L'uomo diventa buono per mezzo di colui che è immutabilmente buono.

12. 27. È dunque Dio - che è immutabilmente buono - colui che colloca e custodisce l'uomo per renderlo e conservarlo buono. Da lui noi dobbiamo essere continuamente fatti e continuamente resi perfetti, restando uniti a lui e rivolti verso di lui, del quale la Scrittura dice: Bene è per me restare unito a Dio 38, e al quale viene detto: Io conserverò la mia forza rivolto verso di te 39. Noi infatti siamo opera sua non solo perché fossimo esseri umani ma anche perché fossimo buoni.

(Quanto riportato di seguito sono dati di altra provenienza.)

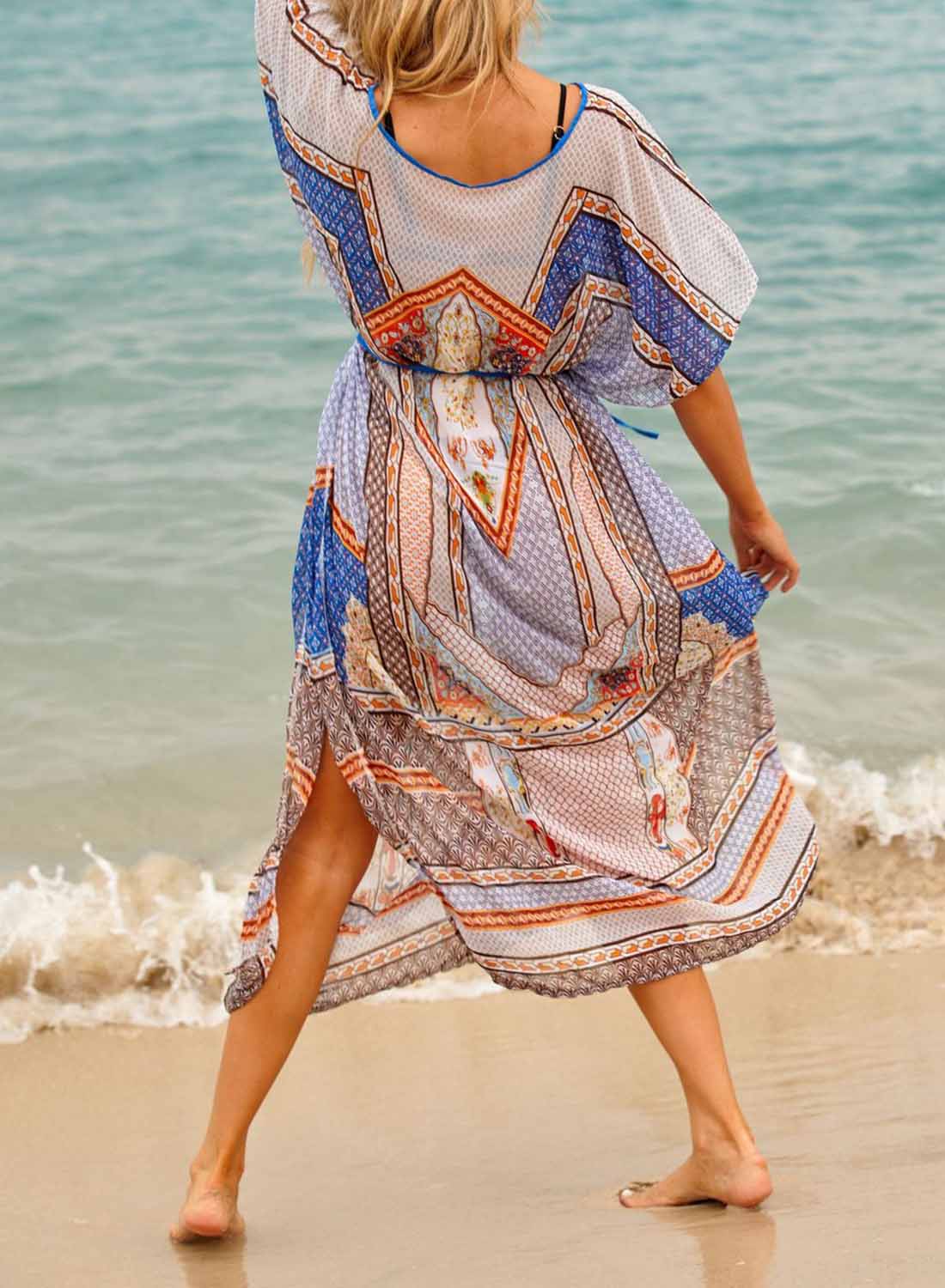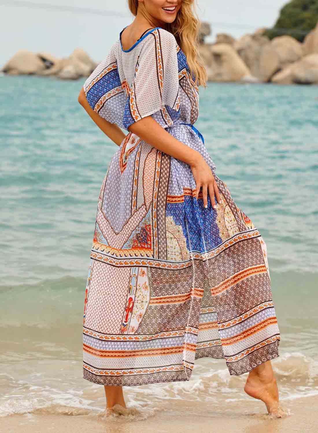 Women's Maxi Dress Geometric Color Block Round Neck Shift Belt Short Sleeve Summer Beach Maxi Dress

Anche l'Apostolo infatti, parlando ai fedeli convertiti dall'incredulità, mette in risalto la grazia in virtù della quale sono stati salvati e dice: In virtù di questa grazia infatti voi siete salvi mediante la fede; e ciò non viene da voi ma è dono di Dio, né viene dalle opere perché nessuno per caso se ne vanti. Noi infatti siamo opera sua, creati in Cristo Gesù per le opere buone predisposte da Dio perché noi le compissimo 40. E in un altro passo, dopo aver detto: Attendete alla vostra salvezza con timore e tremore, per allontanare da essi il pensiero di attribuire a se stesso il merito d'esser divenuti giusti e buoni, subito soggiunge: È Dio infatti che opera in voi 41. Prese dunque Dio l'uomo da lui creato e lo mise nel paradiso per lavorarlo - cioè perché lavorasse in lui - e custodirlo.

Perché all'uomo fu proibito di mangiare il frutto di quell'albero buono?

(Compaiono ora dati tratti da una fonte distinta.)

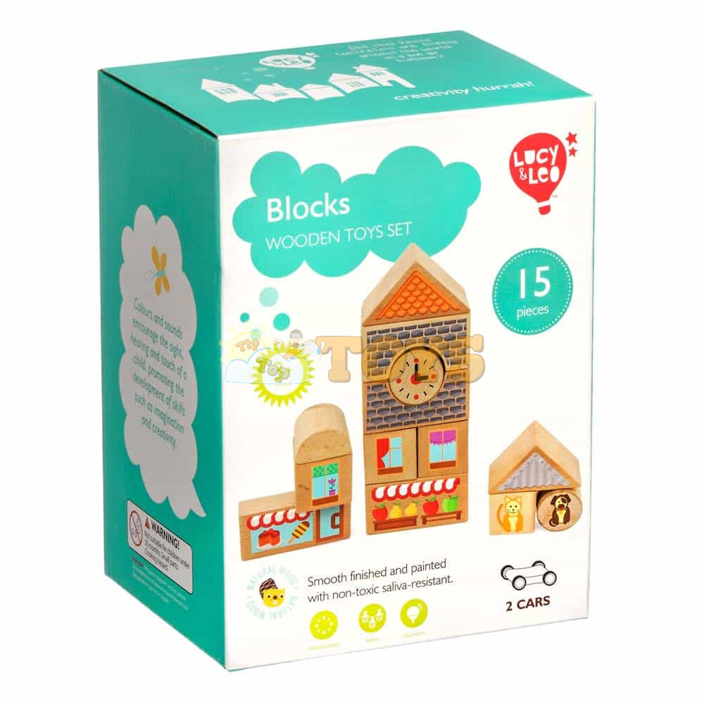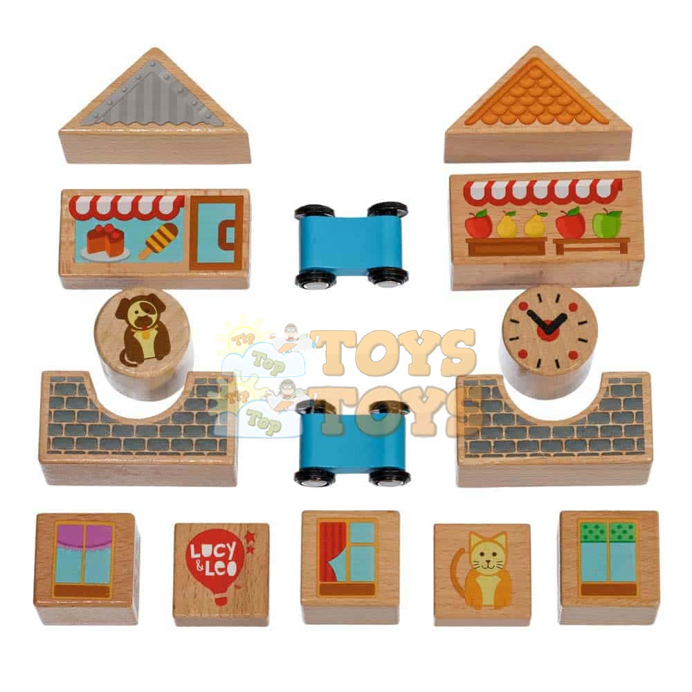 Lucy&Leo LL166 15-piece small wooden building set with 2 cars

13. 28. Il Signore Iddio diede poi questo comando ad Adamo, dicendo: D'ogni albero che si trova nel paradiso tu potrai mangiare sicuramente, ma dell'albero della conoscenza del bene e del male non dovrai mangiare poiché il giorno che ne mangerete morrete certamente 42. Se quell'albero, di cui Dio aveva proibito all'uomo di mangiare, fosse stato qualcosa di male, sarebbe potuto sembrare che l'uomo sarebbe rimasto avvelenato a morte proprio dalla natura cattiva di quell'albero. Ma poiché Dio aveva piantato nel paradiso alberi tutti buoni, avendo creato molto buone tutte le cose 43, e non c'era alcuna natura cattiva, poiché in nessuna cosa c'è alcuna natura di male - ma ciò lo esamineremo con più attenzione, se il Signore vorrà, quando parleremo del serpente - all'uomo fu proibito di toccare quell'albero, che non era cattivo, affinché la stessa osservanza del precetto fosse in se stessa un bene per lui e la trasgressione del male.

Il gran bene dell'ubbidienza e il gran male della disubbidienza.

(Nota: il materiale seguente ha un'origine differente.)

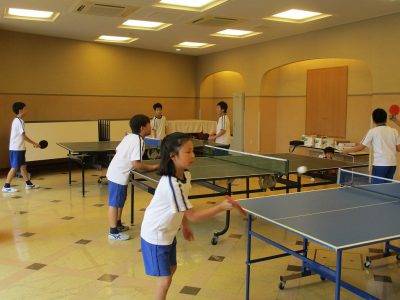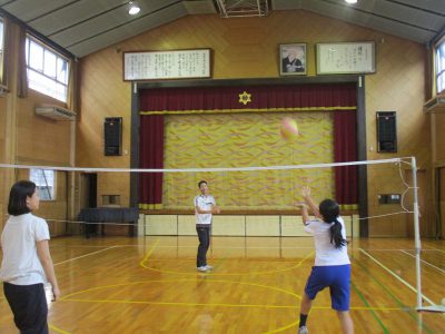 早朝のワールドカップサッカー、ベルギーと日本の試合に触発されて、気持ち高ぶるサッカー教室をはじめ、バレーボール教室も卓球教室も、最後ということで、張り切ってプレーをしていました。

13. 29. Non si sarebbe potuto mostrare meglio e più esattamente qual gran male è la disubbidienza in se stessa, dal momento che l'uomo si rese colpevole di peccato solo per aver toccato, contro il divieto, una cosa che, se l'avesse toccata senza che gli fosse stata proibita, di certo non avrebbe peccato. Poiché se uno, per esempio, dice: "Non toccate quest'erba", se per caso è velenosa, e predice la morte per chi la toccherà, certamente a colui che disprezzerà il divieto toccherà la morte; ma anche se nessuno lo avesse proibito e qualcuno avesse toccato l'erba, sarebbe tuttavia morto certamente. Quell'erba infatti sarebbe stata nociva alla sua salute e alla sua vita, avesse ricevuto o no il divieto di toccarla. Può darsi peraltro che uno vieti di toccare una cosa perché l'azione recherebbe danno non a chi fa l'azione, ma a chi la vieta, come sarebbe il caso di chi mettesse le mani sul denaro altrui contravvenendo al divieto del proprietario del denaro; quell'azione allora sarebbe peccato per chi ne ha ricevuto il divieto, poiché potrebbe risultare dannosa per chi l'ha vietata. Quando, al contrario, si tocca qualcosa senza che l'azione rechi danno né a chi la tocca - qualora non gli fosse proibito - né ad alcun altro in qualunque momento la si toccasse, perché mai è un'azione vietata, se non per mostrare qual male sia la disubbidienza in se stessa?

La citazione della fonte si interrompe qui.